Once physics turned its attention towards the micro world, the belief in one world changed. This new world was full of mysterious particles, namely subatomic particles, moving around at an infinite pace. At first, people didn’t understand this world. A new form of physics was born, quantum physics, because it was impossible to explain this new world through classical mechanics. And so the one world was replaced with multiple worlds.

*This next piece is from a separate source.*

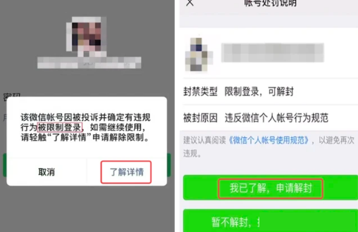 首先我们登入微信,这时它会出现一个提示框,我们点击了解详情。进入后它会有「我已了解,申请解封」、「暂不解封,提取账号内的财产」两个选项,这里我们点击第一个「我已了解,申请解封」,然后根据提示操作发送短信。
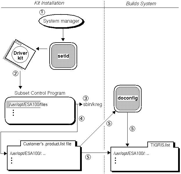 5. The doconfig program, run by the system manager, reads the .product.list file and copies it to a file of the form NAME.list. (This occurs only if the system manager (or the subset control program) does not specify the -c option. If the system manager (or the subset control program) specifies the -c option, the doconfig program builds a kernel based on the contents of the file specified by the system manager. In this case, doconfig does not perform the copy operation.) The NAME variable usually specifies the name of the target configuration file. For example, TIGRIS.list would be the name for the file that contains information about statically configured device drivers for the customer system described by the target configuration file called TIGRIS.

Observations from the quantum world resulted in significant rethinking of physical concepts such as matter, time, action, and causality. For example, we learned that substance was a soup where many subatomic particles boiled together. These particles travelled vast distances at an infinite pace. They appeared and then disappeared, and some were aware of others and functioned with complex interactions. Moreover, we still struggle to understand how the common distinction between matter and energy doesn’t work on this scale. Instead, they look like they come as a package, where one can transform into the other.
What’s more, what about the theory that we, as conscious observers, create reality by interacting with this subatomic universe? This brings many possibilities, although I think it’s better left to the people interested in this field.
Of course, it is not easy to understand all these developments and draw a conclusion, but almost every discipline is working with this new knowledge of reality and contributing to the collective pool of information. By making use of this common pool of knowledge, it’s now possible to view our bodies from a different perspective. Specifically, we live in an integrated world where everything is aware of everything else. Everything is related to everything else and in balance with it. This perspective brings new meaning to dualities such as the spirit-body, mind-body, matter-energy, emotion-intelligence, male-female, and so on. We can feel better, because our bodies aren’t alone anymore.
Let’s return to my earlier question: “If it was not me, who was the woman communicating with my daughter?” Let’s answer it within this context.
Womanhood, just like all my other characteristics, is a basic reality that exists in every single cell of my body. It can’t be reduced to merely my genitals, nor does it vanish when my sexual organs are removed. It makes me smile through the magnificently feminine side of my emotions, intuitions, creativity, and love. It reminds me of the things I lost and the responsibilities that came with them, but it does it in a very affectionate way.